David Starkey: Peter, in my opinion, you are the leading expert on accelerated composition, so I’m very happy to have the opportunity to share this conversation with Bedford Bits readers. You’ve conducted more than 200 workshops on accelerated learning around the country. What issues do instructors ask you about most often?
Peter Adams: At almost every school I’ve visited, instructors ask me how to structure the two courses in a 101/coreq pair or, as the question is usually worded, “What do we do in the coreq section?”
DS: And what’s your response?
PA: I begin by pointing out that the goal of a corequisite course is entirely different from the goal of a traditional developmental writing course. Traditional courses viewed students through the lens a deficit model—students were missing knowledge and skills they should have developed back in high school or, perhaps, middle school. And that knowledge and those skills were what we needed to teach.
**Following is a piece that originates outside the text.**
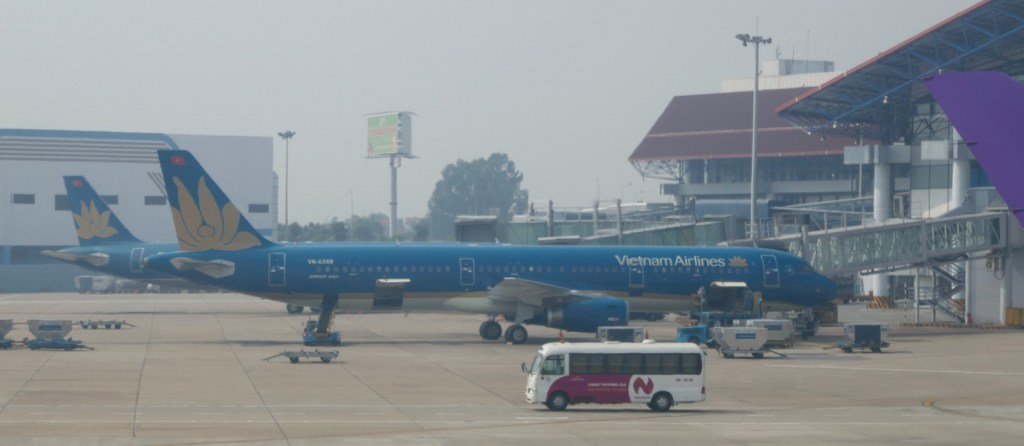 Nach der Landung sind auf dem Flugfeld vor allem Maschinen von Vietnam Airlines und einigen wenigen anderen Asiatischen Fluggesellschaften zu sehen. Im Flughafen – auch neu, gerade mal ein paar Jahre alt – folgt eine schnelle Erledigung aller Formalitäten rund um die Einreise. Leider hat einer unserer Koffer auf der Strecke zwischen Frankfurt und Hanoi einen Satz Rollen verloren. Im Flughafen direkt am Kofferband ein Schalter von Vietnam Airlines; die freundliche Dame hilft gleich weiter, informiert Thai Airways, und als wir im Hotel sind, liegt schon eine Info für uns vor – alles bestens erledigt. An den Hinweistafeln auf die Städte merken wir, dass wir angekommen sind – die Schreibweise ändert sich. Hanoi wird zu Hà Nội, Saigon zu Sài Gòn, Halong zu Hạ Long.

As a result, to students, traditional developmental courses felt a lot like seventh grade all over again . . . exacerbating many students’ fears that they didn’t really belong in college.
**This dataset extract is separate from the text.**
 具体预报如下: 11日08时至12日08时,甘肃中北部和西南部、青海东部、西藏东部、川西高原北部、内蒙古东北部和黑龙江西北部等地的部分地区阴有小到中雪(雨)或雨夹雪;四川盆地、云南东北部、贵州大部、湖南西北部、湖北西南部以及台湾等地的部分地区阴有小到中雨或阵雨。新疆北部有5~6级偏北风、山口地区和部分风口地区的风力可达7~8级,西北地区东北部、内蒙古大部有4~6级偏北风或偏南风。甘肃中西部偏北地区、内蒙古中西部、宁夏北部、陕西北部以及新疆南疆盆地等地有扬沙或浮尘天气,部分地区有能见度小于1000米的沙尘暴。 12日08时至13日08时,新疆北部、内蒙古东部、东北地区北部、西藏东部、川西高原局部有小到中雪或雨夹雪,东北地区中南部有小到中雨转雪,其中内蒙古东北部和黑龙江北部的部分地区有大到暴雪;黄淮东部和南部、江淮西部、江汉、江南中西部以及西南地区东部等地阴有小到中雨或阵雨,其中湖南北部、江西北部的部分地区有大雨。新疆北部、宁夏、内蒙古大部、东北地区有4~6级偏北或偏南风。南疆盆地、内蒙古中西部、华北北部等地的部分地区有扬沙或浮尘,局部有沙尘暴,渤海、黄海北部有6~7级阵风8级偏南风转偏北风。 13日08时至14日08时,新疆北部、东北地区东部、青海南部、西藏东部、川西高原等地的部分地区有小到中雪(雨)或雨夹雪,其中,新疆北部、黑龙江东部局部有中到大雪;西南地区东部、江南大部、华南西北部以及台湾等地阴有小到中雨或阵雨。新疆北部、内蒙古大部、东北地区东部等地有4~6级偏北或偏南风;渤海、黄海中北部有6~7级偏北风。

DS: And we know from experience that when students don’t feel they are “college material,” it’s sadly not too long before many of them depart college altogether.
PA: Very true, David, and an important goal of corequisite courses is to address and this the many other non-cognitive issues that can derail students.
To avoid the deficit approach, corequisite courses no longer see their goal as reteaching what students seem to have missed in middle or high school; instead it is to provide whatever support students need to succeed in the ENG 101 course. The curriculum is “backward designed” from 101 and tailored to each cohort of students. In the coreq section, students are reading the same challenging texts and writing the same college-level essays as they are in the ENG 101 section, just more slowly, with more scaffolding, more opportunity for practice, and more individual attention.
As a result of this design principle, there are four major activities in most co-rec courses:
Activities designed to review, reinforce, and answer questions about the material just covered in the 101.
Activities designed to prepare students for what is coming next in the 101.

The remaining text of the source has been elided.